Diazinon was the best when it was on the market. Since, they have pulled that and even did something to make Terro safer. None of these are not worth a Dang.


----------



## PrtyMolusk (Aug 13, 2000)

Howdy-

I'm also concerned about the dogs.....I can _try_ to tie them outside the affected area, but if they get loose, I just _know_ where they're going to head......


----------



## Taxidermist (Jan 3, 2002)

Release 10 skunks on your yard they will eat the ants and also dethatch your lawn at the same time. If you also have grubs they will eat them also and poke holes in your lawn to allow for better water intake. :lol:


----------



## safetreehunt (Oct 1, 2003)

25 years ago my father was trying to get rid of ants at our cabin. He had some Clordane left over just after the ban and used it all around the perimeter of the cabin.

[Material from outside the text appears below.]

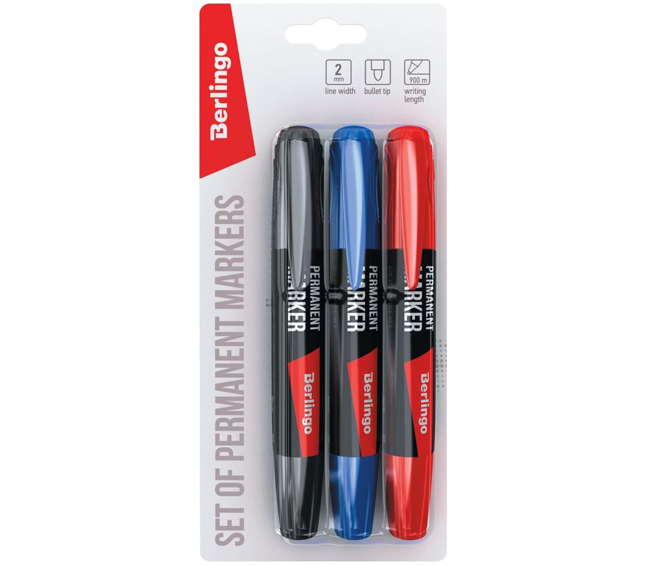 Набор перманентных маркеров Berlingo 3 цвета, пулевидный, 2 мм, блистер

We still don't have any ants in that cabin even now. :tdo12: No wonder they took that stuff off the market.

good luck, There's also an ant powder for outside ants that is usually available from most hardwares. That worked for me.


----------



## mpatmcg (May 3, 2005)

You might want to try to sprinkle some Borax laundry soap over the affected area. That was the suggestion my dad gave me when we had them coming into our house. I sprinkled some outside, near the threshold of the front door, and they've stopped coming in from there.Mike


----------



## multibeard (Mar 3, 2002)

They took the arsinic [sp] out of Terro.

To many wives lacing the old man's coffee with it.

I bought a supply of the old terro before it went off the market. I also got a divorce


----------



## FIJI (May 15, 2003)

http://www.pestcontroldirect.co.uk/acatalog/Pest_Control_Direct__Ants_57.html


----------



## skulldugary (Apr 12, 2003)

We had a real problem with those big black ants and I used Spectracide spray(for ants) around the foundation of the house and garage and it has done a great job of getting rid of them,suppose to be pet friendly too I think.


----------



## Backlash (May 27, 2001)

Three parts borax one part sugar. They will take it back to the nest and kill. Also in the spring omce a month for 3 months at the start of each month pour ammonia around the foundation of your home, this will keep em out of the house.


----------



## kingfisher 11 (Jan 26, 2000)

Inside the house has not been a problem, as of yet. I have had very few enter the house. I have thrown everything at them for the local stores, with no success.


----------



## mb (Jan 10, 2001)

I had some ants around the house foundation. I used some clorox bleach, haven't seen them since.
mb


----------



## kingfisher 11 (Jan 26, 2000)

I have only had a few ants come in the house. I tried spectrcide a few days ago and it really knocked them down outside. Although it did not totally eliminate all of them. I will go around and hit the areas again today. Hopefully a few good doses will make them dissappear.

I did hit a few areas with bleach also. I may put some in my sprayer and go around the foundation also.


----------